Prosperity Watch (Issue 87, No. 1)
June 4, 2018 

Job growth stalled out across large swaths of North Carolina over the last year, most particularly in regions of the state that already faced the largest barriers to prosperity. Thirty-eight of North Carolina’s 100 counties lost jobs from April 2017 to April of this year, overwhelmingly in parts of the state that need economic growth the most keenly. The uneven growth pattern that has dominated since the Great Recession may be deepening, as employment flatlines or declines in many of the counties that had experienced the least recovery over the past several years.

Employment losses tended to occur in counties where job opportunities were already harder to come by. Counties that lost jobs over the past year had an average unemployment rate of 4.9 percent in April 2018, more than a point higher than the 3.7 percent average unemployment rate for counties that continued to add jobs.
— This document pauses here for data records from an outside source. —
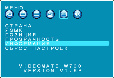 Раздел «Меню» позволяет выбрать регион (Россия, Украина), язык (русский, украинский, английский), настроить положение экранного меню, прозрачность (на этот раз с плавной регулировкой) и предоставляет информацию о версии прошивки (как уже говорилось выше, V1.6P у нашего экземпляра). Здесь же находится сброс всех настроек. Время отображения меню на экране не настраивается, что компенсируется относительно комфортной задержкой по умолчанию.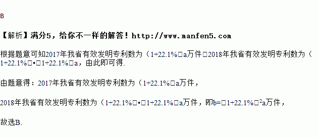 据省统计局发布,2017年我省有效发明专利数比2016年增长22.1%.假定2018年的年增长率保持不变,2016年和2018年我省有效发明专利分别为a万件和b万件,则( )
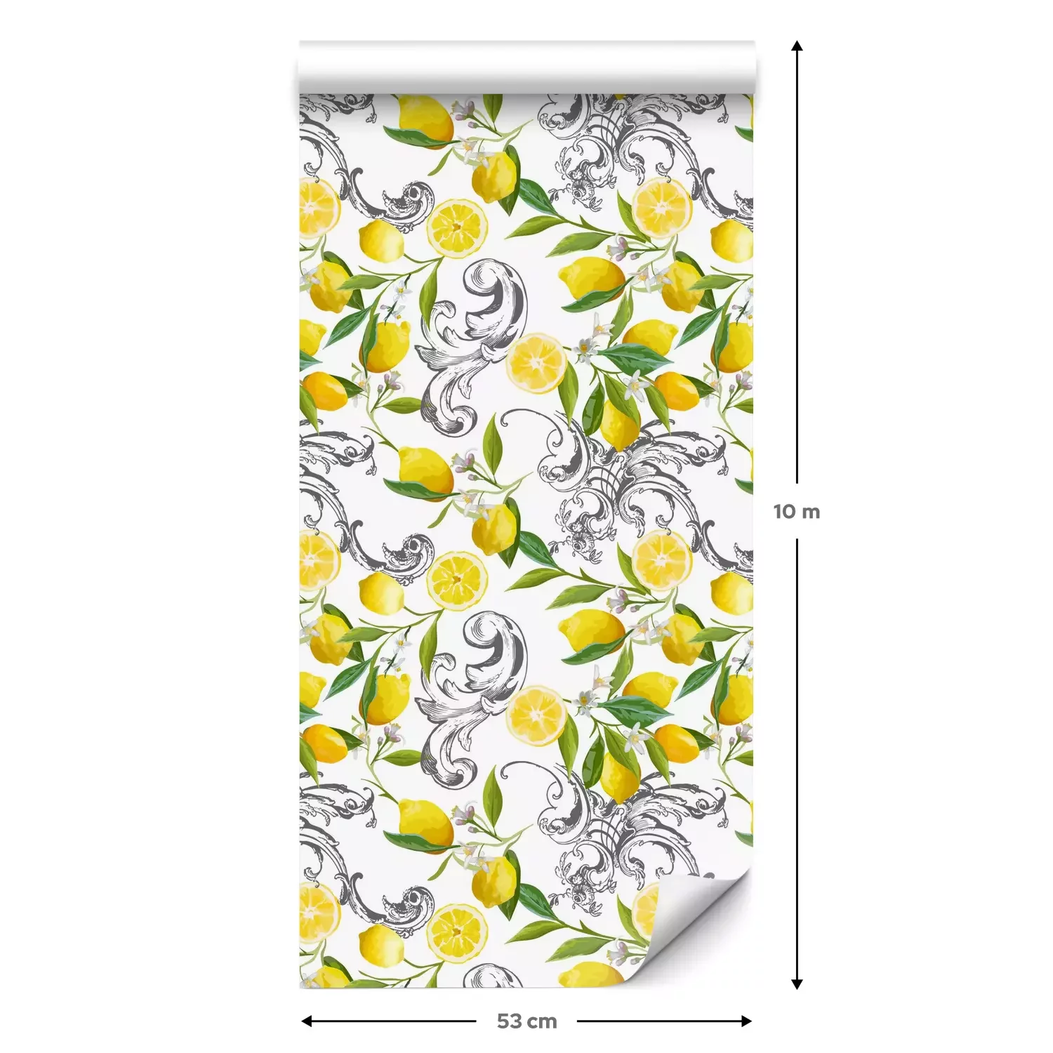 Eine Standard-Tapetenrolle hat die Maße 0,53 m x 10 m und deckt eine Wandfläche von etwa 5 m² ab.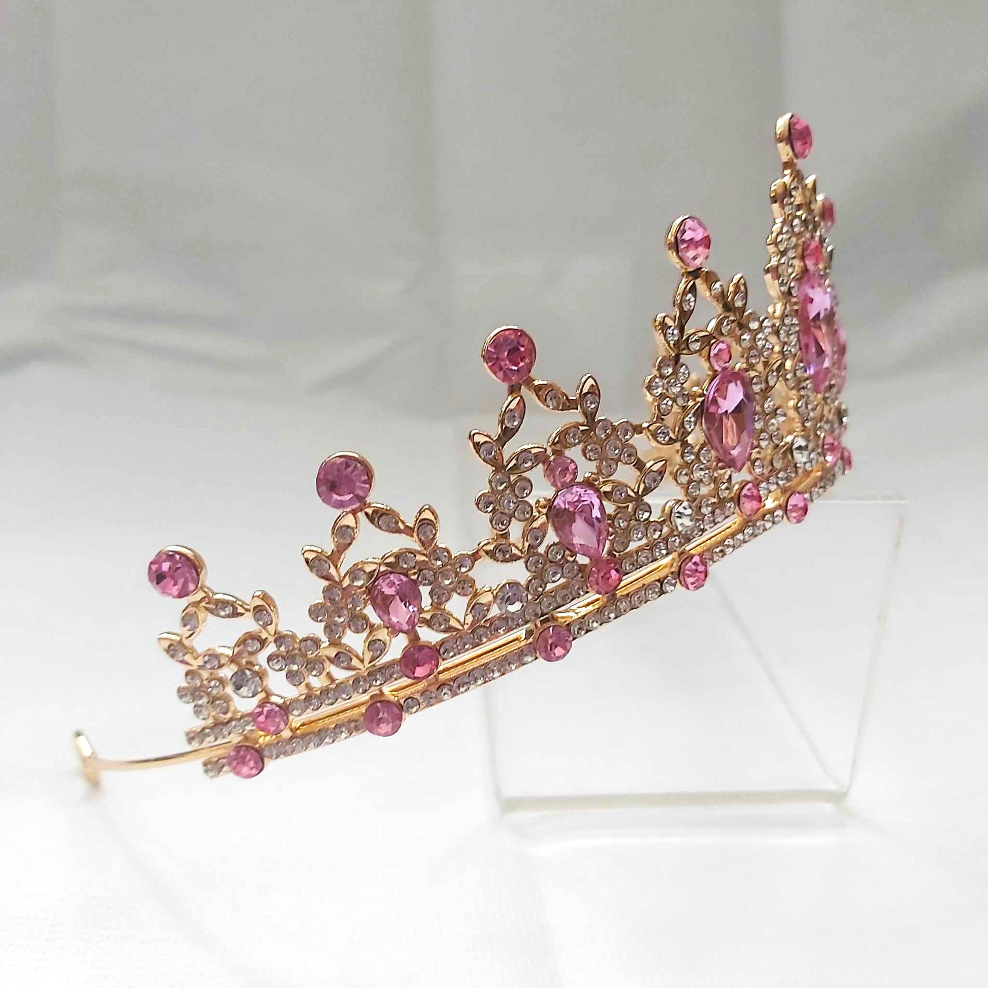Pink Rhinestones Crown Tiara Baroque (CR27)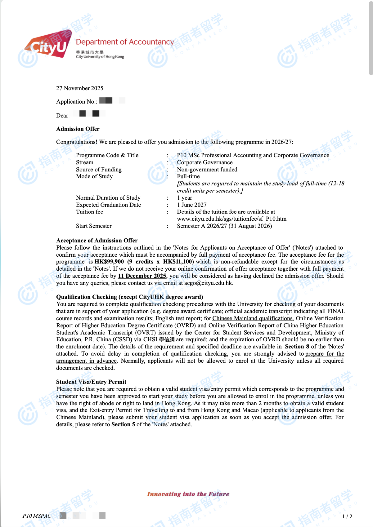 香港城市大學(xué)專(zhuān)業(yè)會(huì)計(jì)與企業(yè)管治理學(xué)碩士研究生offer一枚
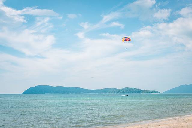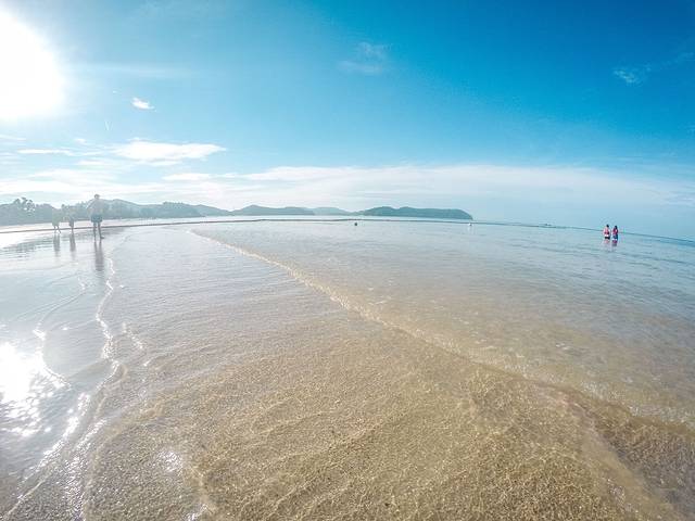早上九点太阳穿过云层出来了,我们开始从兰卡威珍南海滩出发。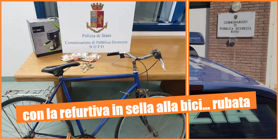 Era riuscito a rubare una macchinetta del caffè in un supermercato di Noto e stava per farla franca, quando è stato individuato dai poliziotti mentre saltava in sella ad una bici per darsi alla fuga.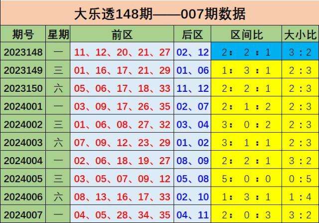 大乐透第2024007期出奖号统计:前区04 05 28 34 35,后区04、11,和值为106,跨度31,龙头04凤尾35,三区比为2:0:3,012路比为0:3:2,奇偶比为2:3,大小比为3:2,冷热比为4:1,0枚重号,2组连号。后区开出遗漏28期的小偶数04、遗漏27期的大奇数11。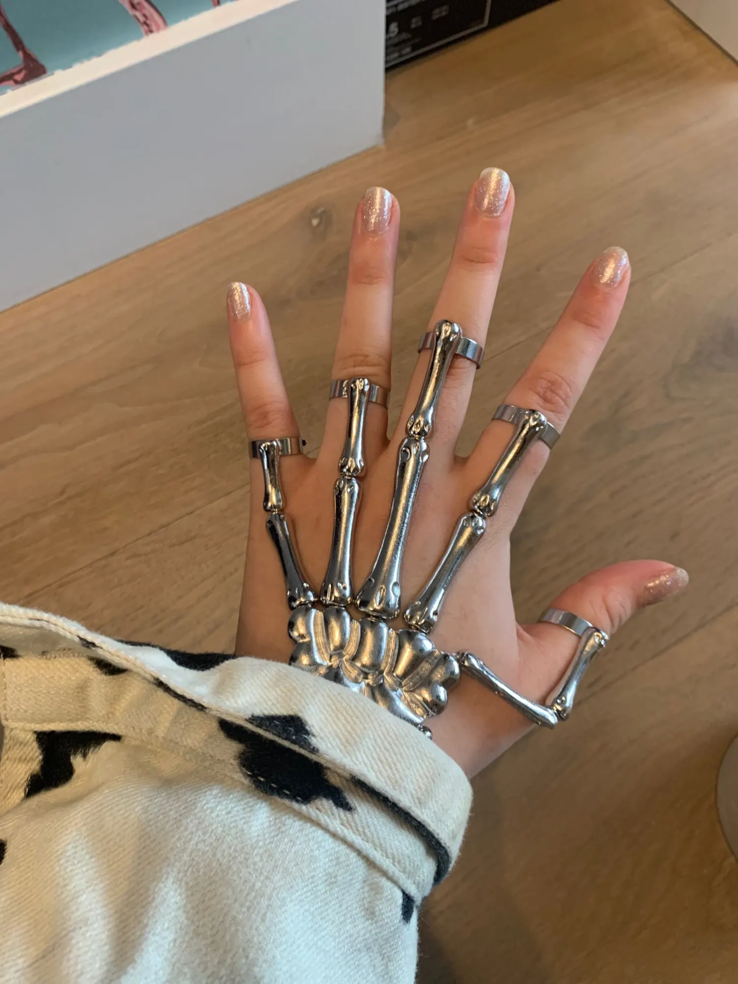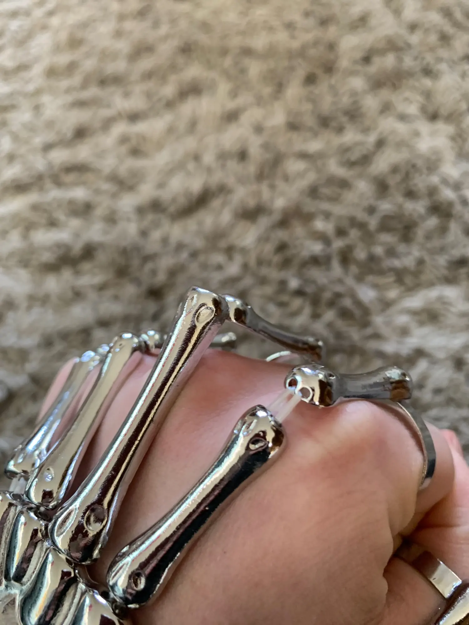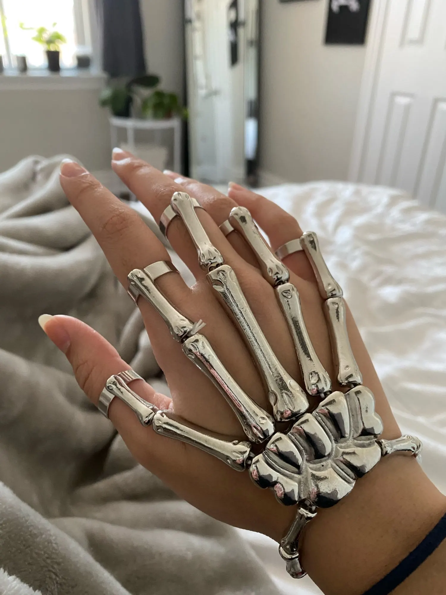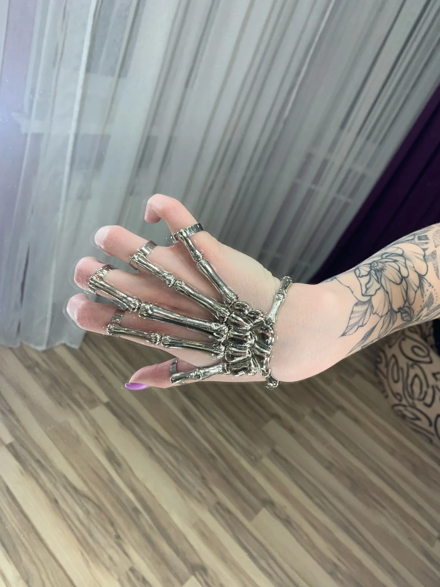 Доча счастлива! Страдает что в школу нельзя такие украшения одевать))) Весь скелет собран на резиночки, одевается несложно. Маловат для ладошки взрослого человека.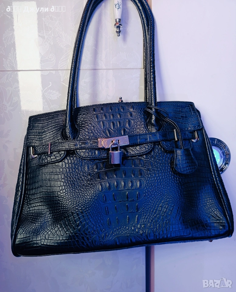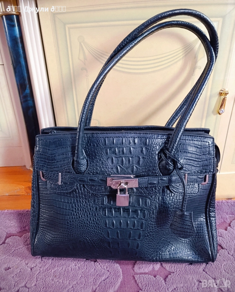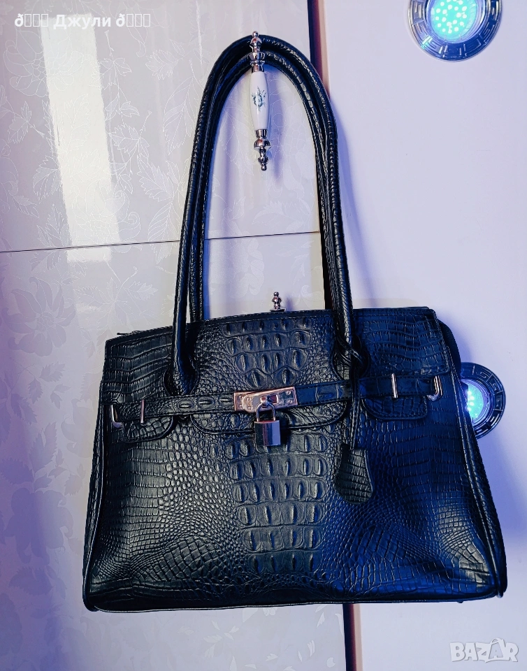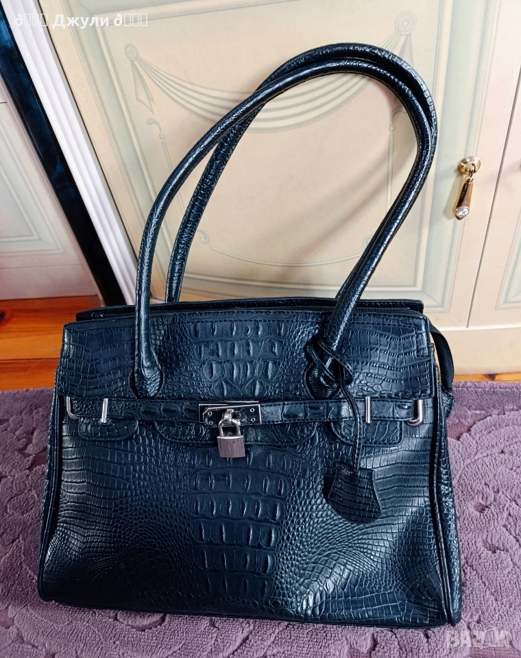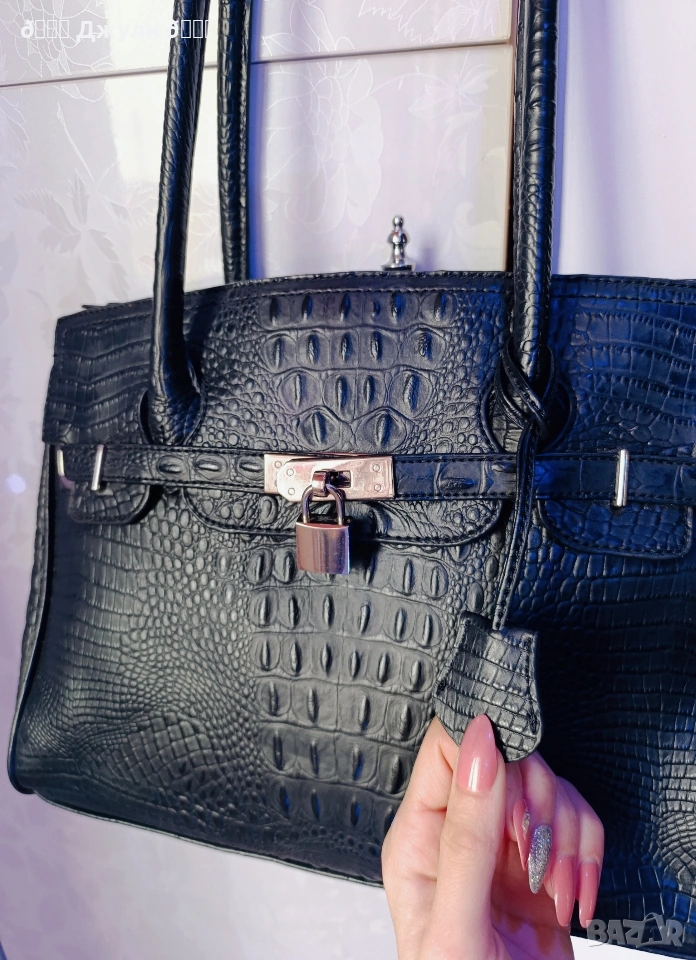 Стилна дамска чанта от естествена телешка кожа, която имитира моделите на Birkin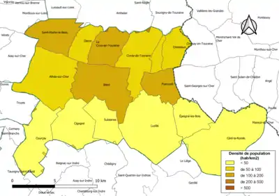 Carte des densités de population (millésimée 2016) des communes de la communauté de communes Autour de Chenonceaux Bléré-Val de Cher. Composition en communes au [2].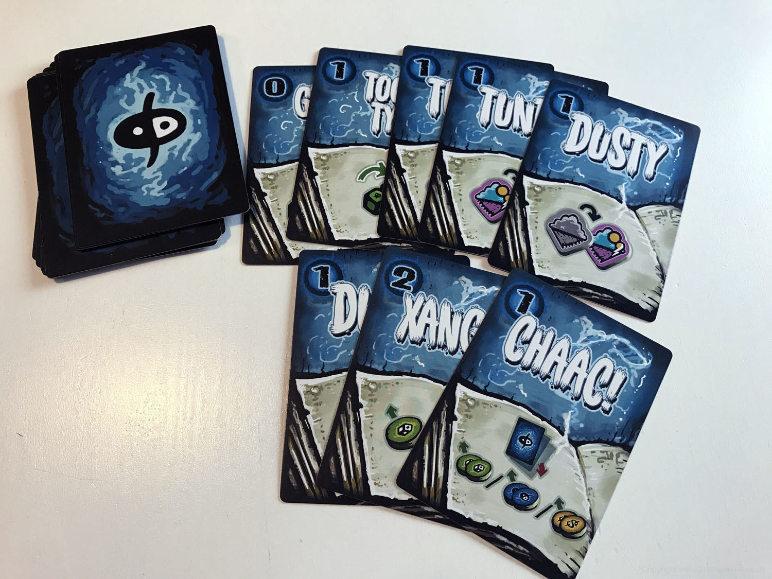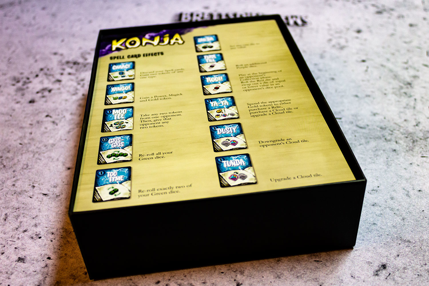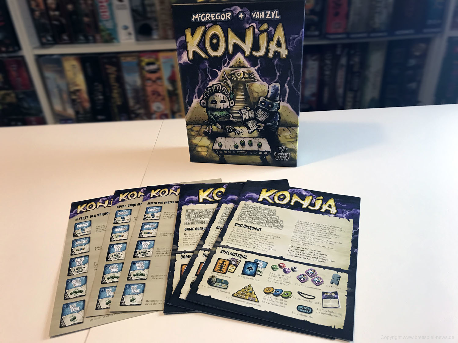 Bei FEUERLAND (Blue Lable, Anm. d. Red.) ist KONJA 2017 erschienen. Wir haben uns nun ein Exemplar des Spiels besorgt und zeigen Bilder vom Spiel für 2 Spieler, die als Zauberer aufeinandertreffen. Das mäßig anspruchsvolle Spiel dauert rund 30-60 Minuten.

The last year has also reinforced structural barriers to opportunity that are facing many communities of color. The swath of eastern North Carolina that is home to many overwhelmingly Black communities was particularly likely to experience employment losses, compounding longstanding challenges that many of these communities have faced in accessing jobs and economic opportunities. Statewide, Black North Carolinians account for roughly 30 percent of all residents in counties that lost jobs, while making up less than 15 percent of the population in counties where employment continued to grow.

The combination of recent job losses and historical barriers to accessing wealth threaten to extend cycles of poverty in many parts of the state. The average poverty rate in counties that lost jobs over the past year stood at 21.3 percent in the most recent poverty statistics, compared to 15.7 percent in counties that continued to add jobs. This disparity shows that our economy is sputtering in precisely the communities that most need robust growth to overcome historical disadvantages and recent lack of job opportunities.

These trends indicate that some of North Carolina’s deepest and most pressing economic challenges are getting worse, not better. Job growth has been uneven across North Carolina for this entire recovery, and these recent data show that some of the divides between prosperity and poverty have deepened in the past year.